Dukan Do It: Week 2

Shaun and I are 10 days in and still going strong on the Dukan diet. When I left you last week, we had made it through the Attack Phase and into the Cruise Phase, which felt like such a relief! In the Cruise Phase, vegetables are added to your meal plans and it makes such a refreshing difference.

Once in the Cruise Phase, we are to alternate days between Pure Protein (PP) and Protein Vegetable (PV). Somehow now going back to those Pure Protein days doesn't seem so terrible and the vegetable days feel like a treat. #whowouldhavethoughtit

One thing that has become apparent and pretty frustrating is that I feel as though I am ALWAYS cooking. There is always something to prep, chop, shop for or clean up. By last night, I have to admit, I was pretty tired of doing it all. After just a week of this, I'm questioning how I'm going to find the time to squeeze all of this in. On Monday afternoon, amongst other prep, I processed two heads of cauliflower and froze them to be used as pizza crust, fried rice or as a taco bowl base throughout the week, thinking that it would make such a difference in prep time on the weeknights. Well, it still required defrosting, heating, draining, mixing, shaping and baking, negating a quick dinner. Instead we sat down to eat at 9:00 last night. It wasn't great. But on the upside, the cauliflower pizza was!
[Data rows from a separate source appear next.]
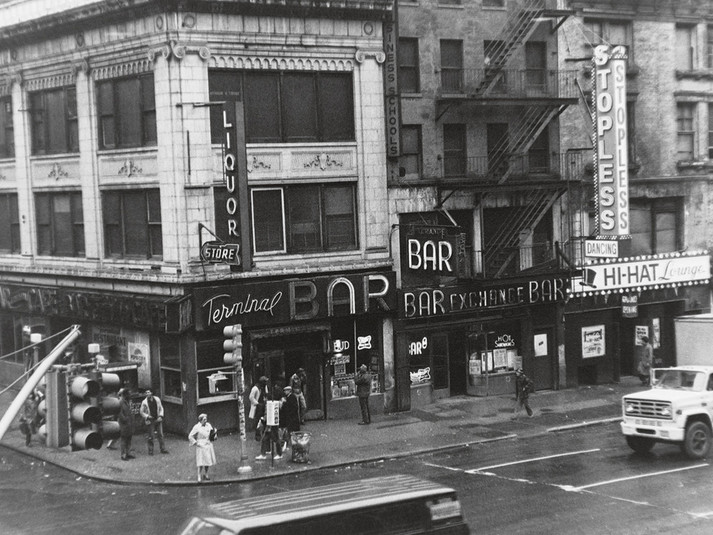 Бар «Терминал», стоявший через дорогу от автобусной станции Портовое управление, недалеко от площади Таймс-сквер, был известен как самое суровое питейное заведение Нью-Йорка. Репутацию это место завоевало благодаря своим завсегдатаям – сутенёрам, проституткам, бродягам, игрокам, трансвеститам... Десять лет посетителей «Терминала» фотографировал Шелдон Надельман, проработавший в нём барменом в 70-80-е годы.
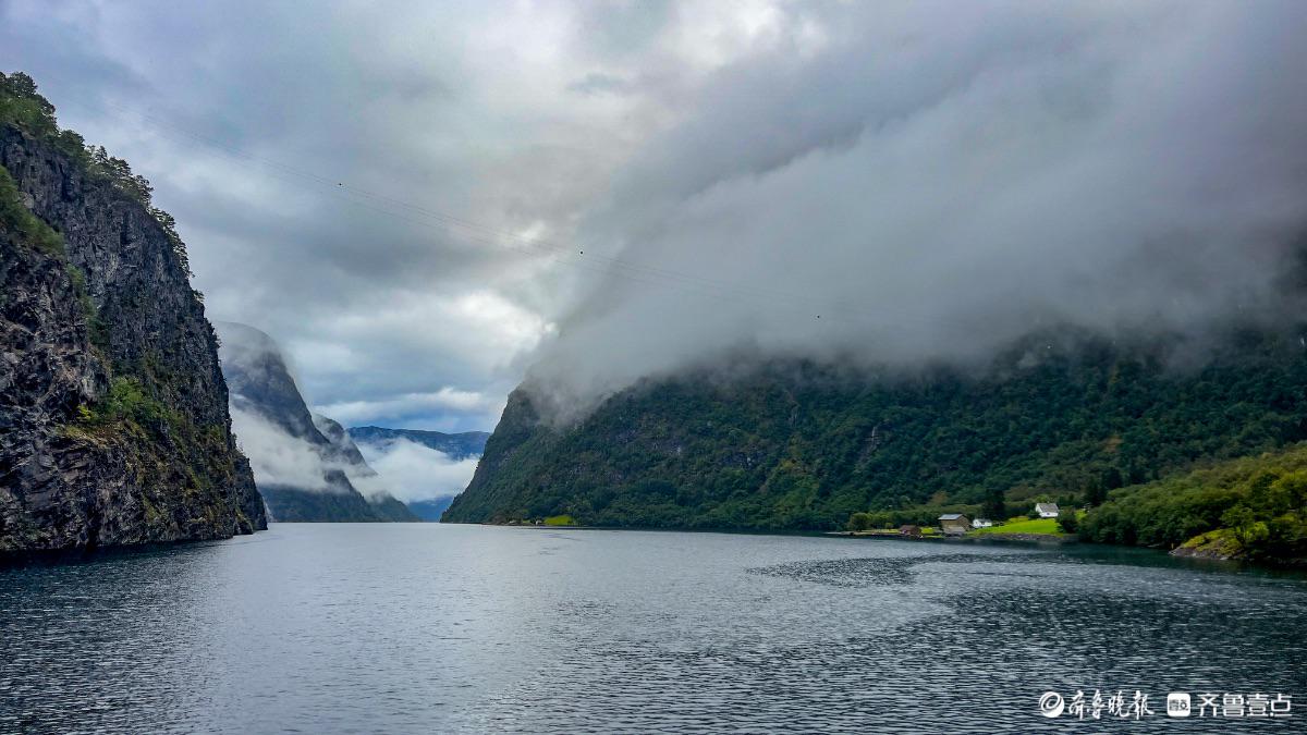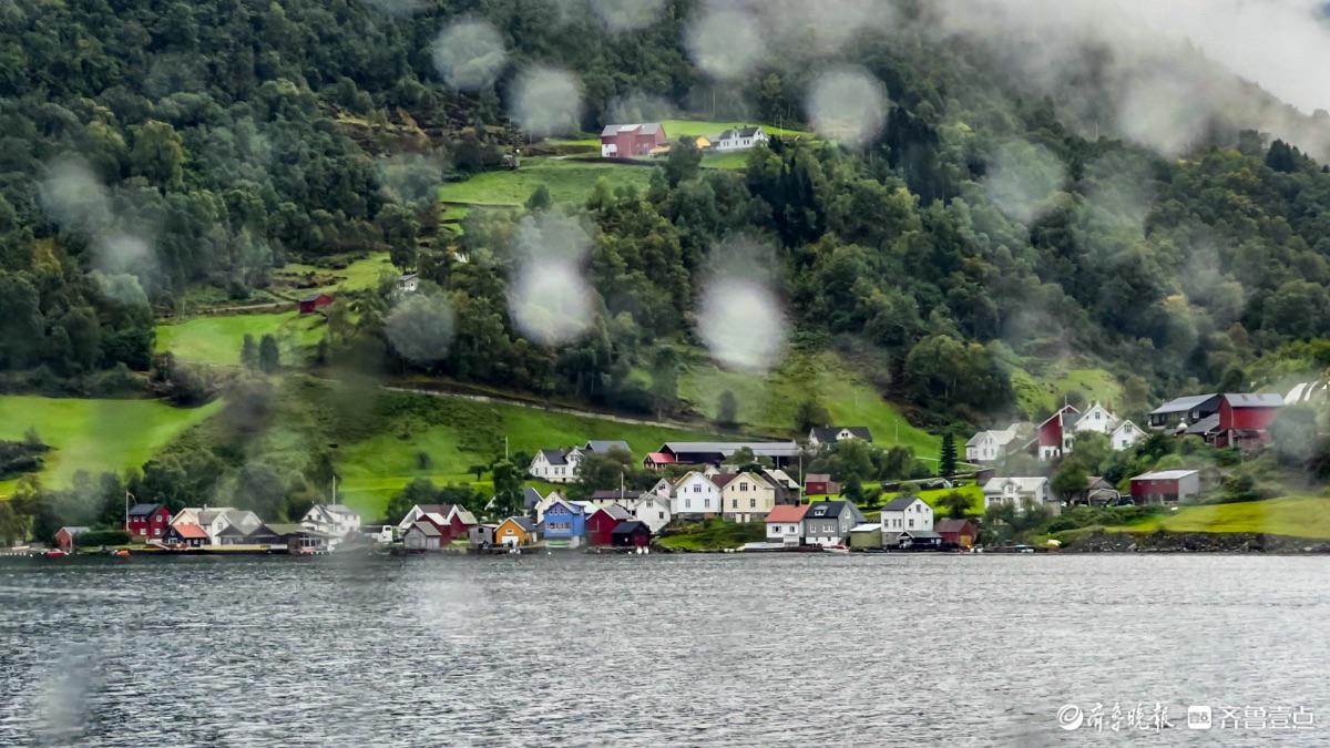 随着游轮深入峡湾腹地,两岸景色渐次铺展。几座色彩斑斓的小木屋错落分布在山坡,被葱郁草木紧紧环绕,屋顶袅袅升起的炊烟,为这份清寂的自然之美,添了几分生动的人间烟火气。不禁想象,住在这里的人,每日推窗便能拥揽世界级的美景,在山水环抱中过着平淡却满是诗意的日子。
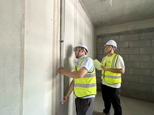 二次結(jié)構(gòu)施工以來,項(xiàng)目部統(tǒng)籌規(guī)劃明確目標(biāo)任務(wù),精心組織施工、合理安排各項(xiàng)施工工序,并嚴(yán)格執(zhí)行“樣板引路”、“首件工程跟班”、“舉牌驗(yàn)收”制度,確保二次結(jié)構(gòu)砌體、ALC施工符合規(guī)范要求。施工過程中,項(xiàng)目部堅持高標(biāo)準(zhǔn)、嚴(yán)要求,嚴(yán)把材料關(guān)、質(zhì)量關(guān)、安全關(guān),強(qiáng)化管控、細(xì)節(jié)制勝,多次開展二次結(jié)構(gòu)、ALC施工專項(xiàng)檢查,以工匠精神雕琢工程品質(zhì)。
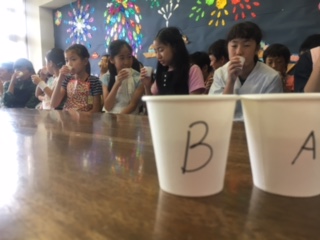 6月30日5年生味噌詰め 公開日 2017/07/04 更新日 2017/07/04 学年 4年生の時に作った味噌が完成しました。古庄先生のご指導の下、農大の方々やお家の方にお手伝いいただき、味噌詰めを行いました。味噌詰めが終わると、出来たて味噌の試食を行なったり、味噌の利点や効果などを学んだりしました。夏休みの宿題には「味噌料理」があります。どんな料理ができるのか、楽しみです。ご指導お手伝いありがとうございました。
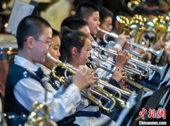 烏魯木齊市第27小學(xué)交響管樂團(tuán)登臺獻(xiàn)藝。中新網(wǎng)記者 劉新 攝
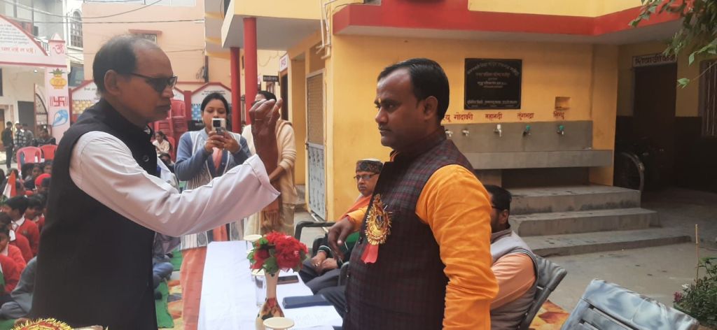 गाजीपुर। गणतंत्र दिवस के 76वें वर्षगांठ के अवसर पर राष्ट्रीय स्वयंसेवक संघ कार्यालय कुटी भवन रायगंज में गणतंत्र दिवस पर सफाई नायक शेषनाथ ने तिरंगा फहराकर राष्ट्रगान गाकर समाज मे समरसता का संदेश दिया। कार्यक्रम में सह विभाग प्रचारक दीपक ने अपने उदबोधन मे बताया कि हम समाज में सफाईकर्मियो का विशेष योगदान है इनके योगदान के बिना समाज का संचालन नही किया जा सकता, इनके महत्व व योगदान को पिछले कोरोना काल, मेला आयोजन में सराहा गया, समाज में इनके इतने महत्वपूर्ण का निस्पादन किया जाता है जिससे समाज का कोई भी तबका अछुता नही है। जो समाज हमारा पहले से समरसता के भाव से बंधा हुआ है उसे हमे समय समय पर सम्मानित करना होगा। उसके समाज मे किए जा रहे योगदान को भुलाया नही जा सकता। गणवंत्र दिवस जैसे महत्वपूर्ण दिवस को हमे इन्हे बढ़ चढ़ कर सम्मानित करना चाहिए। जिला प्रचाारक सूरज, विहिप सेवा प्रमुख काशी प्रांत दिनेश चंद व नगर संचालक दीनदयाल ने अपना विचार व्यक्त किए। कार्यक्रम का संचालन सह नगर कार्यवाह अभिषेक ने किया। इसी क्रम में सरस्वती शिशु मंदिर रायगंज में बच्चों ने संस्कृतिक गीत गाकर अतिथियों का स्वागत किया।

I made two personal pizzas using half a head of finely chopped cauliflower. These came out great! And we were stuffed afterwards. I topped mine with turkey pepperoni, while Shaun added some sautéed mushrooms to his.

Updated to note: I made the crust by following this recipe/tutorial. I used half of a large head of cauliflower for 2 hearty personal pizzas, which fed 2 people generously, and froze the rest in a plastic bag for another night. I made a few adaptations to the crust: I used only fat free mozzarella, I did not use parmesean cheese. I also added oregano and a pinch of garlic powder to the crust. On top, I used plain tomato sauce that I seasoned with oregano and basil (fresh basil would be awesome on this!), fat free shredded mozzarella, and turkey pepperoni. Yum!

It was a great dinner, but was for sure a lot of work.

On the grocery side, I've found that we are certainly spending a significant amount more over the last week+. I hope it's due to ramping up, buying the diet staples and finding our footing, but I'll be interested to track it over the next few weeks.

Also - the dishes. They are never ending honestly. Our dishwasher is full to the brim every night, and there's more piling up.

But...all complaining aside, overall I'm feeling pretty good. My clothes are fitting better than they have in a long time and I've lost 5 pounds in just over a week. I wish I had taken my measurements before I started since I'm pretty positive I'm losing a lot in inches as well. And lastly, I sat and flagged a ton of recipes from the Dukan Diet Cookbook last night and can't wait to dive into some of those in the coming weeks and will be sure to share as I try them out.

Meanwhile, here's some samples of what we've been eating:

Breakfast: mushroom & FF feta frittata, hard boiled eggs, turkey bacon, smoked salmon scrambed eggs, smoked salmon galette

Lunch: turkey burgers, deli turkey slices & FF cheese roll-ups, smoked salmon & FF cream cheese roll-ups, taco bowls over broccoli slaw or as lettuce wraps, grilled chicken breast

Dinner: cauliflower-crusted pizza, steak, chicken, fish, chicken sausages, roasted vegetables on the side

Snacks: FF cottage cheese w/cinnamon & vanilla, sugar-free Jell-O, string cheese, turkey pepperoni, veggies & yogurt dip


So that's my wrap up as we embark on week 2!

Any other Dukan-ers out there? What have you been eating lately?